This is what mine outputs:
No need to rerun on the HP Z2 SFF G9 Workstation Desktop PC or the Micro-Star International Co., Ltd., as it seemed to have parsed milliseconds ok.
Sure. Thanks a lot. I will keep you posted as soon as I am done.
This time, with your last script, you nailed it
E.g. with this PC which previously had its timing wrong:
System Information
Operating System: Windows 10 Pro 64-bit (10.0, Build 18362) (18362.19h1_release.190318-1202)

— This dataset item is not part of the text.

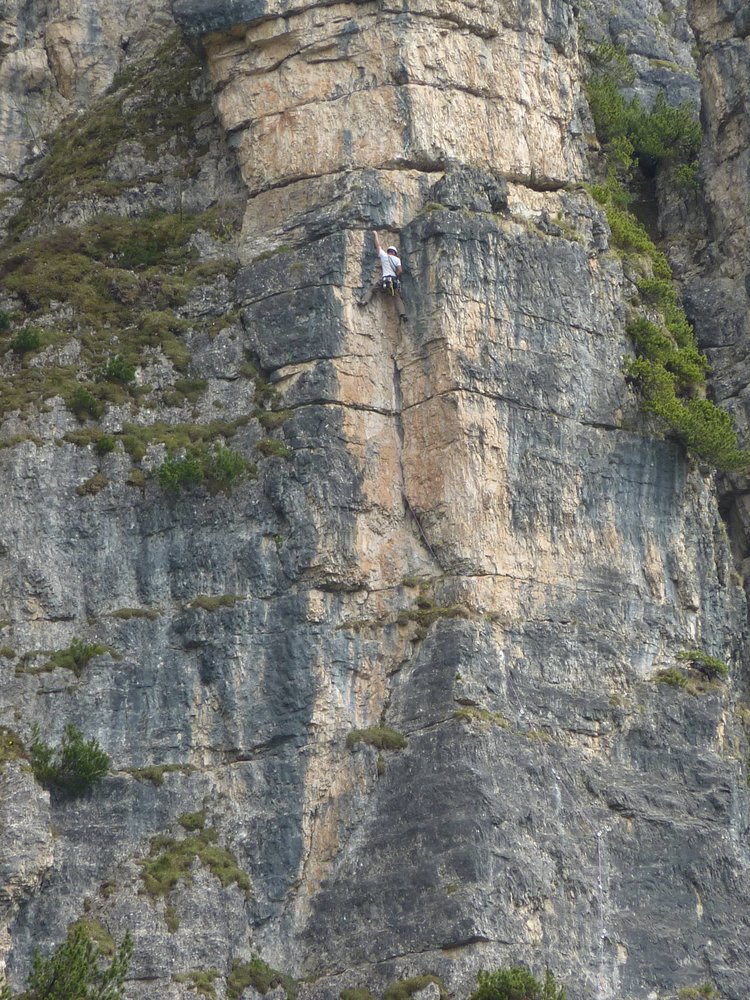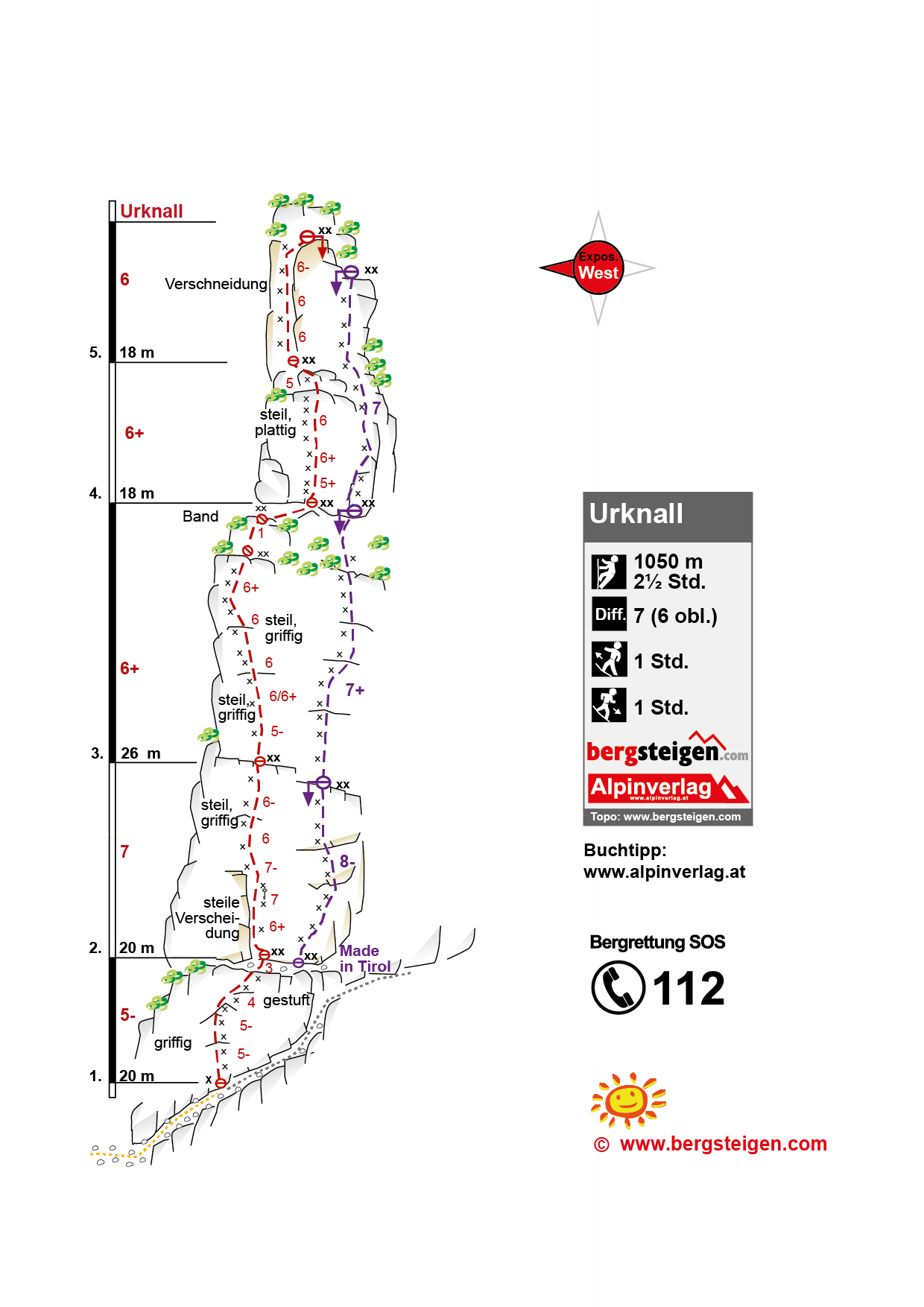 An der Schlüsselstelle in der zweiten Seillänge hängt sogar ein Schlüssel am Bohrhaken. Die Nebenroute „Made in Tirol“ ist ähnlich gut abgesichert, aber deutlich schwerer als der „Urknall“. Es gibt dort oben einen Klettergarten (lohnend) und andere Mehrseillängentouren, die nicht an die Qualität der Route „Urknall“ heran kommen.

System Model: HP ProDesk 600 G4 SFF
Processor: Intel(R) Core(TM) i5-8500 CPU @ 3.00GHz (6 CPUs), ~3.0GHz
Memory: 16384MB RAM
Display Devices
Card name: Intel(R) UHD Graphics 630
RESULTS:
================================
Available threads = 6 / CPU = Intel(R) Core(TM) i5-8500 CPU @ 3.00GHz / 3000 MHz / Target = Processor: generic x86
49716 total milliseconds elapsed (average of 5 runs) using OMP_NUM_THREADS = 2
35320 total milliseconds elapsed (average of 5 runs) using OMP_NUM_THREADS = 4
================================
================================
Available threads = 6 / CPU = Intel(R) Core(TM) i5-8500 CPU @ 3.00GHz / 3000 MHz / Target = Processor: sandybridge-ivybridge
49459 total milliseconds elapsed (average of 5 runs) using OMP_NUM_THREADS = 2
34910 total milliseconds elapsed (average of 5 runs) using OMP_NUM_THREADS = 4
================================
================================
Available threads = 6 / CPU = Intel(R) Core(TM) i5-8500 CPU @ 3.00GHz / 3000 MHz / Target = Processor: skylake-raptorlake
49750 total milliseconds elapsed (average of 5 runs) using OMP_NUM_THREADS = 2
34505 total milliseconds elapsed (average of 5 runs) using OMP_NUM_THREADS = 4
================================
As of today, on github, it looks like the fastest pc is the one by chaimav with 14663 total milliseconds with Processor: generic x86
Available threads = 24 / CPU = 13th Gen Intel(R) Core(TM) i7-13700 / 2100 MHz / Target = Processor: generic x86
14663 total milliseconds elapsed (average of 5 runs) using OMP_NUM_THREADS = 8
IMHO, this particular result means, for the gui, the optimum performance>threads setting should be closest to the target wavelet levels.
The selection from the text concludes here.